La Chine nous submerge – et le fera de plus en plus en raison de la tension avec les USA – de produits aux prix dérisoires, vendus même à perte. Les commerçants de détail en savent quelque chose. Plus grave encore: sa montée en gamme dans les segments les plus sophistiqués constitue une concurrence accrue pour nos propres perles technologiques. Nos performances à cet égard sont indubitables, enviées par beaucoup. Mais pas dans tous les domaines. L’horlogerie suisse a raté le virage vers la montre connectée, pourtant si appréciée par les jeunes générations. Reste le rayon luxe. Mais la mythologie du bracelet qui donne l’heure est-il éternel? 

Les paysans suisses, c’est heureux, sont massivement soutenus par paiements directs et régulation des importations, variables selon les saisons et les besoins, ce qui est fort rare ailleurs. Jusqu’à quand cela restera-t-il possible? Les négociateurs américains mettent déjà le sujet au menu. L’UE, jusque là très compréhensive à cet égard, pourrait un jour s’en aviser lors des pourparlers bilatéraux.

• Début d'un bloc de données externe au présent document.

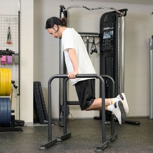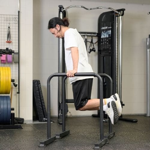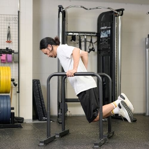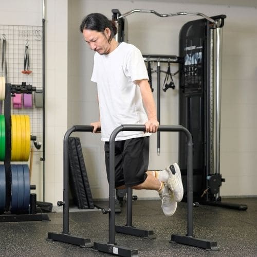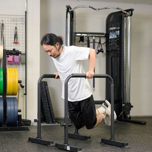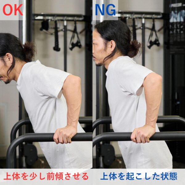 ディップスは大胸筋下部・三頭筋に刺激を与えますが、同時に肩関節への負担も大きくなる種目です。慣れてきたら加重ベルトで負荷を高めるのも効果的です。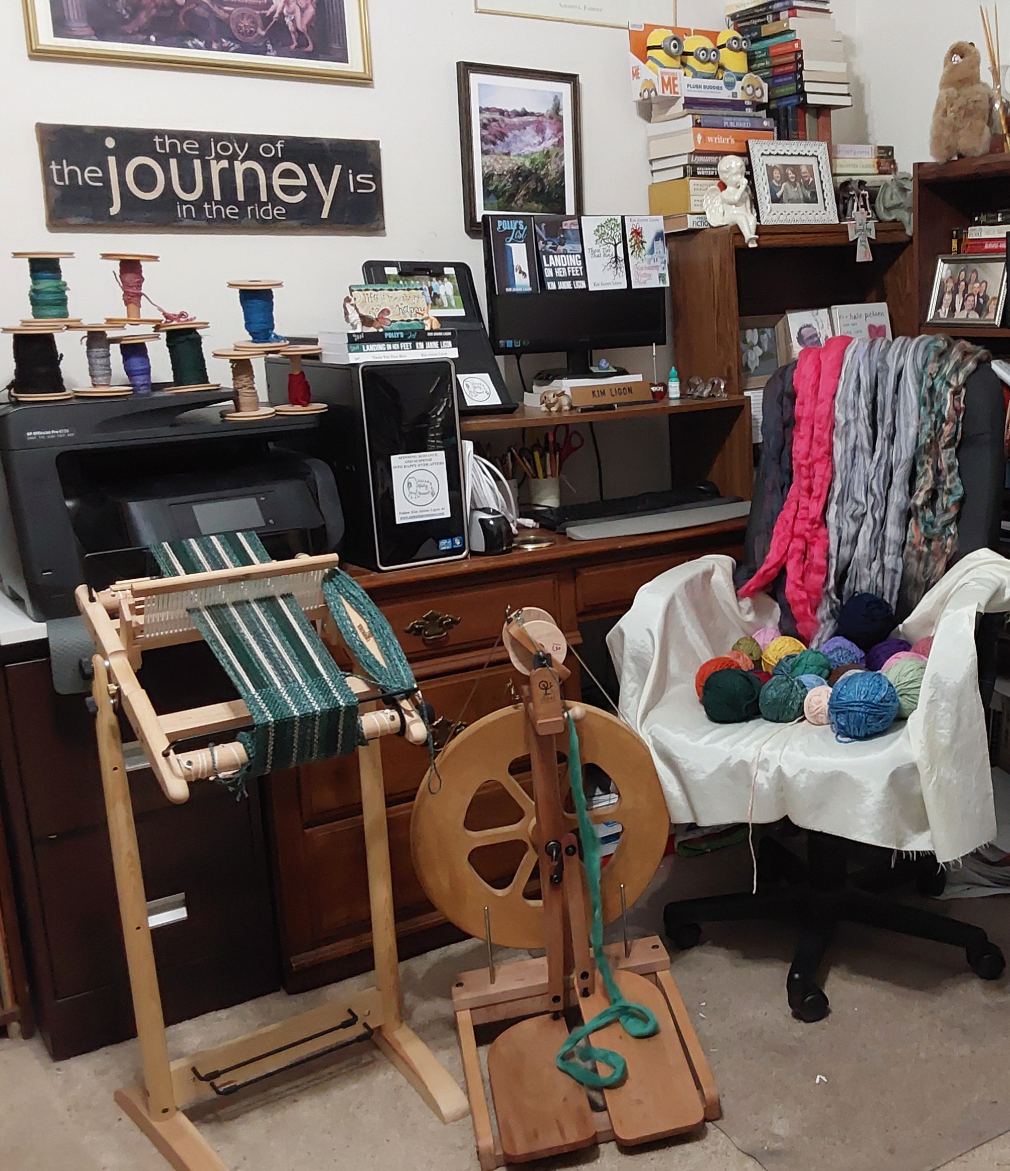 Kim Ligon has been writing stories for most of her life—some on paper and some only in her head. She has lots of source material growing up as the oldest child in a large family in a small town in Wisconsin. Her father was a veterinarian so there were not only lots of children around, but all manner of house pets and farm animals too. Her love of reading comes from her mother who was seldom seen sitting down without a book in her hand. After a demanding career in healthcare information technology, she is now getting to do all the creative things she loves—spinning, knitting, crocheting, creating buildings on her husband’s model railroad and writing her stories to share with you. She lives with her chief encourager and personal romantic hero, her husband of almost forever, in Alabama. Please follow her further adventures at www.spinningromance.com or email her at kimjanine@spinningromance.com Enjoy!

Autre paradigme où, comme Schwab, nous tardons à voir tourner la roue du temps: l’armement. Les guerres actuelles démontrent que des armes nouvelles jouent un rôle plus déterminant que les vieux blindés et les avions: les drones de combat. Nous n’en produisons aucun. Nous n’avons aucun système de défense pour nous en défendre. Nos militaires regardent vers le passé et réclament toujours plus de milliards pour rester dans la tradition. De surcroît sans grandes retombées bénéfiques pour notre économie. Depuis peu, juste des miettes pour se mettre à jour. Dépenses stériles au moment où le Conseil fédéral coupe dans les budgets de la formation et de la recherche.

Le passéisme et l’excessive confiance en soi rassurent sur le moment, peu sur l’avenir. N’est-ce pas, Monsieur Schwab?

Pessimisme exagéré?

Peut-être. Il est vrai que notre société a mille atouts pour faire face aux périls. La créativité, le goût du labeur, des institutions qui permettent les rebonds – à la différence de certains voisins… –, une cohésion sociale qui tient bon malgré les déficiences. Oui, il y a bien là un génie helvétique! Mais à trop s’en gargariser, on risque de tousser.

Notre belle assurance, nourrie de l’histoire et du présent, ne dispense pas de se pencher sur nos points faibles, de réagir avec anticipation et imagination. Beaucoup le font, on les en félicite cas par cas. Mais en embrassant tous les soucis d’un regard large, il y a de quoi froncer les sourcils. Tout individu peut se sentir en pleine forme, courir sans s’essouffler, et mijoter en même temps une vilaine maladie qui reste longtemps discrète. Prévention! Hygiène de vie! Diagnostic précoce! clament les médecins. Merci, on a compris.

Alors au moins un exercice peut être salutaire: l’équilibrisme. Entre ce qui alarme et ce qui fait espérer.